Fitz and the girl moved after him, walking more slowly. The door closed behind them, and then suddenly it opened and they were back. The spinster in the next booth, having put aside the Spanish-Made-Easy with which she had been struggling, was about to leave. Her curiosity, however, got the better of her as she saw the girl and man pawing among the red-leather cushions of their booth, looking under the table …

“Lose something?” inquired Miss Hildegarde Withers. “Anything valuable?”

“Only an emerald pin!” cried Michael Fitz, red-faced from groping on hands and knees. “That’s all!”

The lobby of the Hotel Georges is decorated in the prevailing fashion of the
ciudad
of Mexico, which denotes furniture of extreme geometrical angles, with much glass and metal. In the midst of this somewhat unreal grandeur sat Oscar Piper, his nose buried in a four-day-old copy of the New York
Times.
A small brown man was shining his shoes, in a fury of noise and effort.

“Getting prettied up, Oscar?” inquired Miss Hildegarde Withers as she approached from the dripping outdoors.

“Third time today,” he confessed. “No sales resistance, and I don’t know the Spanish for ‘scram.’ How’s tricks with you?”

“Well, I—”

“Knew you wouldn’t get anywhere dashing off after that taxi,” he jeered. They both looked up as someone approached—a birdlike little old man closely followed by a birdlike little old lady.

“Oh, Inspector!”

Piper tried to stand up, to the discomfiture of the shoeshine expert. He introduced Miss Withers to Mr. and Mrs. Ippwing. “Of Peoria.”

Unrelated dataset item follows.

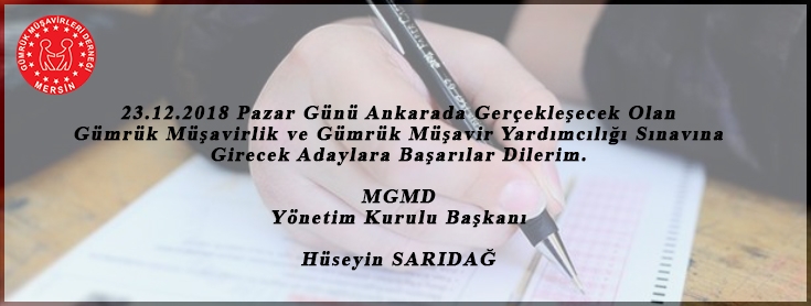 - Gümrük Müşavirliği ve Gümrük Müşavir Yardımcılığı Sınavlarına Girecek Adaylara Başarılar Dileriz

“Great place to come from,” said Ippwing with a twinkle.

“And a great place to go back to,” his wife added loyally.

“We were just at the desk, to mail a letter,” Ippwing went on. “Had to write our invalid daughter back home all about the excitement on the train. We had a
murder
on the train!” he confided to Miss Withers.

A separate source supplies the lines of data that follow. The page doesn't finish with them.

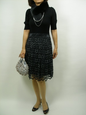 ニットとコンビの上品なワンピース。ディナーや目上の人と会う時などにも良いですね!エレガンス度90%、フェミニン度10%。
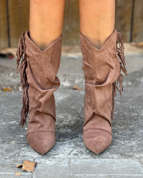 37,90 €Zapato tipo bota de ante. Diseño de media caña con efecto arrugado . Detalle de flecos laterales. Acabado en punta. Tacón bajo.
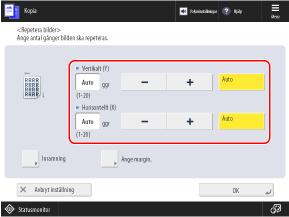 När det här alternativet är inställt till [Auto] upprepas det kopierade originalet automatiskt det maximala antalet gånger som det får plats på sidan.
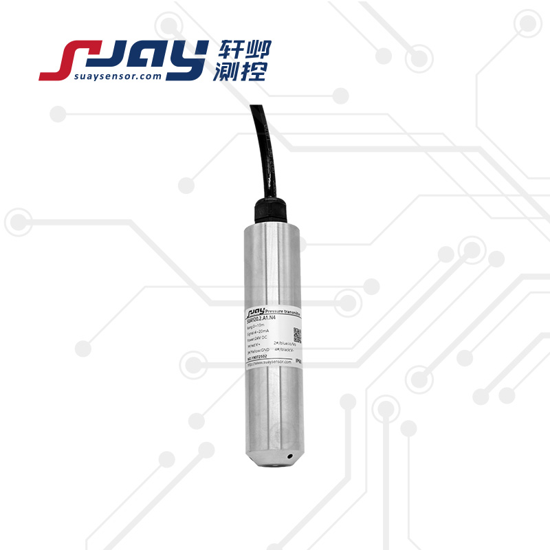 SUAY20液位傳感器 液位變送器 數(shù)字液位傳感器 水位傳感器采用MEMS技術(shù)為核心的高靈敏度硅壓阻感壓芯片,是基于流體靜力學(xué)原理,通過對液體壓強(qiáng)的測量轉(zhuǎn)換為液位高度。該液位傳感器結(jié)構(gòu)可靠,帶通氣導(dǎo)管的液位測量專用電纜及專業(yè)的水密封技術(shù),既保證了產(chǎn)品的密封性,又使得參考壓力腔與大氣相通,從而使該系列產(chǎn)品的使用不受不同地域環(huán)境的限制,既保證了產(chǎn)品的長期穩(wěn)定性,又極大提高了該款液位傳感器的綜合使用精度。全密封潛入式測量,一體化結(jié)構(gòu)和標(biāo)準(zhǔn)化的輸出信號,為現(xiàn)場使用和自動化控制提供了方便。再通過合理的選擇、設(shè)計(jì)接液材料、電纜、護(hù)管等,可對不同介質(zhì)的液位進(jìn)行投入式或插入式測量,適用于城市供排水、污水處理、水池、水文檢測、水庫、河道、海洋等水下液位的長期測量。

The schoolteacher said fervently that she wished she had been there. “And it’s not over and done with yet, if you ask me!” Mrs. Ippwing went on. “Because our room is near the Mabies’ suite, and we heard them having a nice family argument over something. And just now—”

“Just now at the desk we heard the girl at the switchboard—lovely girl, speaks English just as good as you or me—and she was asking about plane reservations for Mr. and Mrs. Mabie!” Ippwing added.

“Running away!” was the little old lady’s parting shot. And they went blithely out into the inevitable rain of a summer afternoon in Mexico.

“Looks like the Mabies are taking your advice,” Piper said to the schoolteacher. She was playing an imaginary tune on the edge of the table.

“Oscar,” she demanded, “what sort of a man is Alderman Mabie?”

“Francis?” Piper blinked. “Age about forty-five, fond of thick steaks and thin wheat cakes, a good district leader, but not any ball of fire. Thought he’d help himself by marrying money, but hurt himself because the boys think he’s playing society. Plays a fair game of poker but overbets his hand and always stays in no matter what he is dealt.”

“His mind, his emotions?”

“Reads Eddie Guest. Cheers when the band plays ‘Dixie.’ Wears a carnation on Mother’s Day.”

“Women?” pressed the schoolma’am.

“Not especially. Why should he? Married to a good-looking, not too smart woman with a million or so?” Piper shrugged. “He would inherit, of course, if anything happened. But he was frank about it.”